Display-name fallback must be explicitly marked as fallback and should never silently produce high-trust identity if stronger identity is available.

Built-In Canonicalization

Core baseline logic must not hardcode provider names or Microsoft labels.

Provider adapters may register canonicalizers.

Example Microsoft/Intune canonicalization behind adapter seam:

All users
All devices
Default role scope tag
Known provider-default assignment targets
Known provider-default foundation resources

These must resolve by provider discriminator/type/canonical key, not display name.
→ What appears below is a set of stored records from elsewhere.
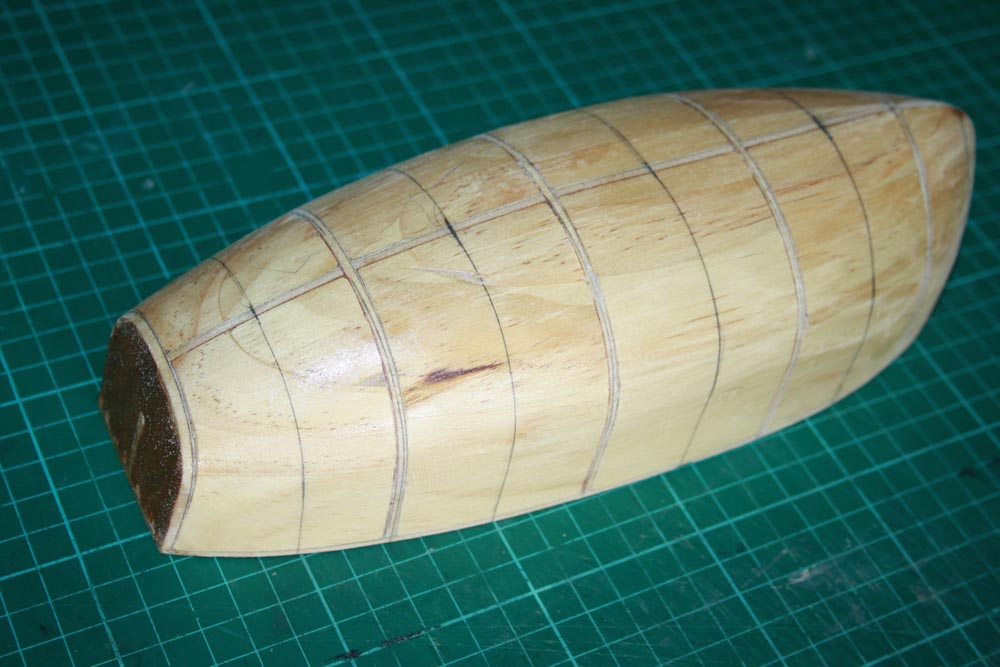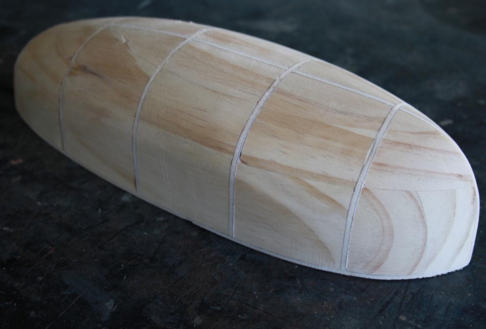 Lines were drawn on the plug where the internal ribs will sit and the plug was given a couple of coats of clear varnish to seal it.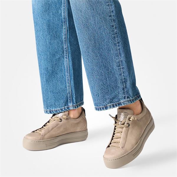 Introducing Paul Green shoes, known for their modern design and comfort. The Paul Green trainers - style 5017- is a chunky trainer in a neutral taupe, crafted with premium soft nubuck leather, upper. It features a lightweight, cushioned sole for excellent support and all-day wearability. Paul Green Shoes "Super Soft" technology enhances the comfort, providing a plush fit and feel. Slip this style on with ease thanks to the elastic lacing.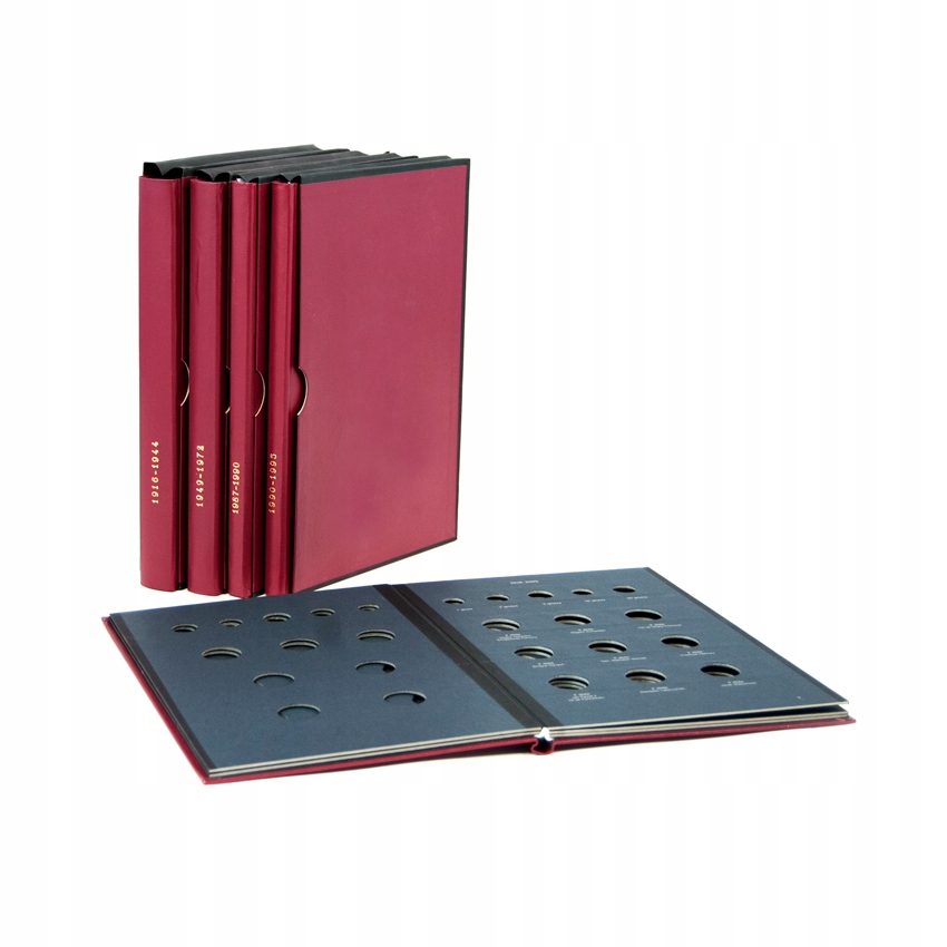 Każdy z tomów przeznaczony jest na zbiór monet obiegowych (nie lustrzanek) z określonych lat.Okładka i futerał w kolorze bordo.Karty klaserowe czarne,nadruki białe.Każda moneta ma swoje miejsce z określonym nominałem,rodzajem stopu,z którego jest wykonana.W przypadku niektórych monet zamieszczony jest też dodatkowo opis.Moneta umieszczana jest w wysztancowanym otworze o odpowiedniej średnicy i zabezpieczona z obu stron przeźroczystą wsuwką z twardego PCV.Brzegi kart zabezpieczone czarną lamówką.Podobnie brzegi futerału zabezpieczone są przed przecieraniem płótnem introligatorskim.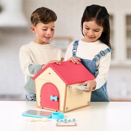 Ali iznenađenje! U kućici se čudesno pojavio psić! Štencić je interaktivan i reagira na dodir. Stavite mu kost u njušku i on će je početi bacati te pritom ispuštati zvukove.

Foundation Coverage Registry

The registry must classify resource classes as:

fully_comparable
inventory_only
canonical_only
unsupported
excluded_by_profile
requires_manual_binding

Foundation objects must not be forced into policy-backed comparison.

Examples:

roleScopeTag default            -> canonical built-in/default if provider identifies it
roleScopeTag tenant-owned       -> foundation resource by provider object ID
assignmentFilter tenant-owned   -> foundation inventory/comparable depending capability
notificationMessageTemplate     -> foundation/config object depending capability

Integration Points

Expected areas to inspect/modify:

  • BaselineCompareService
  • CompareBaselineToTenantJob
  • SubjectResolver
  • ResolutionOutcome
  • IntuneCompareStrategy
  • CompareStrategyRegistry
  • InventoryPolicyTypeMeta
  • BaselineSupportCapabilityGuard
  • GovernanceSubjectTaxonomyRegistry
  • provider gateway / provider adapter seams
  • Graph contract registry integration where applicable

Result Contract

The matching pipeline should return a typed result, for example:

resolved_exact_identity
resolved_active_binding
resolved_canonical_builtin
resolved_canonical_virtual_target
resolved_unique_fallback
unresolved_ambiguous_match
missing_provider_resource
missing_local_evidence
unsupported_resource_class
foundation_inventory_only
excluded_non_governed
accepted_limitation

Spec 382 will formalize result semantics, but Spec 381 must produce enough structure for that follow-up.

Acceptance Criteria

  • Baseline compare uses matching pipeline before display-name fallback.
  • Built-ins/virtual targets can be resolved by provider canonicalizer.
  • Tenant-owned duplicate names remain unresolved unless an active binding exists.
  • Foundation inventory-only resources no longer produce false policy-backed matching attempts.
  • Existing compare strategies still receive matched baseline/current resources where possible.
  • No core class hardcodes Microsoft display names.
  • Fake provider can register canonical built-ins and resolve them.
  • YPTW2-style cases are representable:
    • All users / All devices canonicalized,
    • default roleScopeTag canonicalized or foundation-classified,
    • tenant-owned duplicate Settings Catalog policies remain ambiguous until binding,
    • assignment filters and notification templates are classified by capability.

Required Tests

  • Built-in canonical object resolves without ambiguity.
  • Virtual assignment target resolves without display-name matching.
  • Tenant-owned duplicate display names remain unresolved.
  • Active manual binding resolves duplicate candidate.
  • Display-name fallback is only used after identity/canonical/binding attempts fail.
  • Foundation inventory-only object returns inventory-only limitation, not foundation_not_policy_backed.
  • Unsupported resource class returns unsupported result.
  • Fake provider canonicalization contract test.
  • Microsoft/Intune adapter does not leak display-name logic into core.

Validation Commands

cd apps/platform && ./vendor/bin/sail artisan test --compact tests/Feature/Baselines/BaselineCompareAmbiguousMatchGapTest.php tests/Feature/Baselines/BaselineCompareGapClassificationTest.php
cd apps/platform && ./vendor/bin/sail artisan test --compact tests/Unit/Support/Baselines/SubjectResolverTest.php

Add new tests for the matching pipeline and canonicalizer registry.

Risks

  • Accidentally making display-name fallback look authoritative.
  • Hiding real duplicate tenant resources through over-aggressive canonicalization.
  • Hardcoding Microsoft-specific behavior into core.
  • Breaking existing compare strategy expectations.

Recommendation

Implement this second.

This candidate fixes the core matching failure mode while still avoiding UI and evidence/review changes.